This validation runs `neutron-sanity-check` on the controller nodes to find out potential issues with Neutron's configuration. It hangs on the following task: - name: Run neutron-sanity-check command: > {% if oc_container_cli is defined %}{{ oc_container_cli }}{% else %}{{ uc_container_cli }}{% endif %} exec -u root {{ container_name }} /bin/bash -c 'neutron-sanity-check --config-file {{ item }}' with_items: "{{ configs }}" become: true register: nsc_return ignore_errors: true changed_when: False https://opendev.org/openstack/tripleo-validations/src/branch/master/roles/neutron-sanity-check/tasks/main.yml#L29-L38
Checking the validation with Gael, here are some things to fix: * FWaaS was removed in 15, so /etc/neutron/fwaas_driver.ini config file should not be included in the list for 15, 16 and newer - validation fails as it does not find the file * for ML2/OVS deployments, neutron-sanity-check command requires more capabilities than neutron_api container has: 2020-01-22 15:12:55.647 124445 ERROR neutron oslo_privsep.daemon.FailedToDropPrivileges: Privsep daemon failed to start 2020-01-22 15:12:55.647 124445 ERROR neutron 2020-01-22 15:12:55.574 124458 ERROR oslo.privsep.daemon [-] [Errno 1] Operation not permitted For these deployments, same command passes fine on neutron_ovs_agent container (which is the one used in undercloud sanity check command). This should most probably be the container to use on controllers too * Currently neutron-sanity-check is run iteratively on all neutron configuration files (server, agent, ...) listed at https://opendev.org/openstack/tripleo-validations/src/branch/master/roles/neutron-sanity-check/defaults/main.yml . I think it is not needed to run on some of these (to confirm) * Though if we have OVN deployment, there will not be a neutron_ovs_agent container running (also some configuration files may be missing if not needed by OVN). Which container to use in that case? * Validation should work on both deployment types, and also on other deployments not using ml2/ovs or ovn (conntrail?) - it should still pass even if we cannot test Apart from issues in validation itself, the validation hanging is probably unrelated to neutron-sanity-check (more about validations framework)

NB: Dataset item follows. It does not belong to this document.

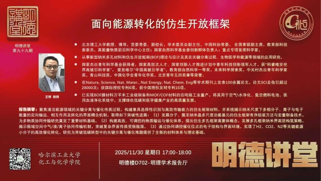 王博,北京理工大学教授、博导,党委常委、副校长,学术委员会副主任。中国科协常委, 全国青联副主席,教育部科技委委员。高能量物质前沿科学中心主任;国家自然科学基金委创新群体负责人;重点专项首席科学家。从事新型纳米多孔材料和仿生开放框架(BOF)理论与设计及其在关键分离过程、生物医学和能源等领域的应用研究。国家杰出青年科学基金获得者,入选国家“****”领军人才、国家创新人才推进计划中青年科技创新领军人才。获“科睿唯安世界高被引科学家”, 爱思唯尔“中国高被引学者”,教育部自然科学一等奖,未来科学探索奖,中关村杰出青年科学家奖,青山科技奖,中国化学会青年化学奖,北京青年五四奖章等荣誉。在Nature, Science, Nat. Mater., Nat Energy, Nat. Chem. Eng等学术期刊上发表100余篇论文,论文SCI总他引超过28000次;获国际授权专利6项,获中国授权发明专利15项。已实现BOF膜材料万平米工业级制备和MOF/COF材料的百吨级工业量产,将其用于空气\水净化、氢空燃料电池、医用血液净化系统中,支撑绿色低碳和医学健康产业的高质量发展。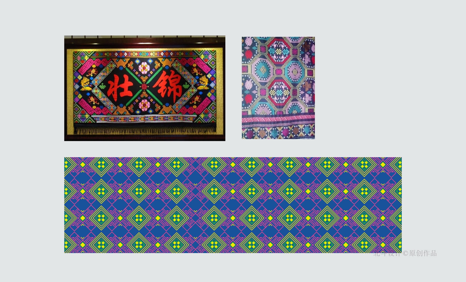 通過對于廣西文化的深入研究,我們選擇了廣西壯族的一種文化圖騰“壯錦”,作為邦蓓優(yōu)品牌的寄生文化圖騰;壯錦,與云錦、蜀錦、宋錦并稱中國四大名錦,據(jù)傳起源于宋代,是中華民族文化瑰寶。我們通過基于產(chǎn)品陳列識別與產(chǎn)品包裝后續(xù)發(fā)揮空間的布置問題,對壯錦圖騰重新設計排布,目的是為了更加契合不同產(chǎn)品包裝載體的陳列,為產(chǎn)品后續(xù)的創(chuàng)意預留更加充沛的發(fā)揮空間。

Checking on a 16 deployment with OVN, the only "neutron container" we have there is neutron_api. So for these, either we skip neutron-sanity-check run (it seems to be currently focused on ml2/ovs deployments anyway), extend container permissions to allow it to run the tests, or maybe only run a subset of checks (not sure if it is possible with current command)
(In reply to Bernard Cafarelli from comment #1) > Checking the validation with Gael, here are some things to fix: > > * Currently neutron-sanity-check is run iteratively on all neutron > configuration files (server, agent, ...) listed at > https://opendev.org/openstack/tripleo-validations/src/branch/master/roles/ > neutron-sanity-check/defaults/main.yml . I think it is not needed to run on > some of these (to confirm) neutron-sanity-check was always meant to run with *all* of the config files/config dirs passed that the binary itself would run--not iteratively over individual config files. e.g. neutron-sanity-check --config-file /etc/neutron/neutron.conf --config-file /etc/neutron/plugins/networking-ovn/networking-ovn-metadata-agent.ini --config-dir /etc/neutron/conf.d/networking-ovn-metadata-agent, etc. > * Though if we have OVN deployment, there will not be a neutron_ovs_agent > container running (also some configuration files may be missing if not > needed by OVN). Which container to use in that case? > > * Validation should work on both deployment types, and also on other > deployments not using ml2/ovs or ovn (conntrail?) - it should still pass > even if we cannot test The way the tests are *supposed* to be written is that if a config option doesn't apply, then those tests don't run. So if we pass all of the configs that the binary will be passed, and it sees that we are OVN and the test only applies to OVS, then it won't run. If the tests don't have this requirement added, they need to be fixed so that we can run the sanity check for any config and it doesn't run unnecessary tests.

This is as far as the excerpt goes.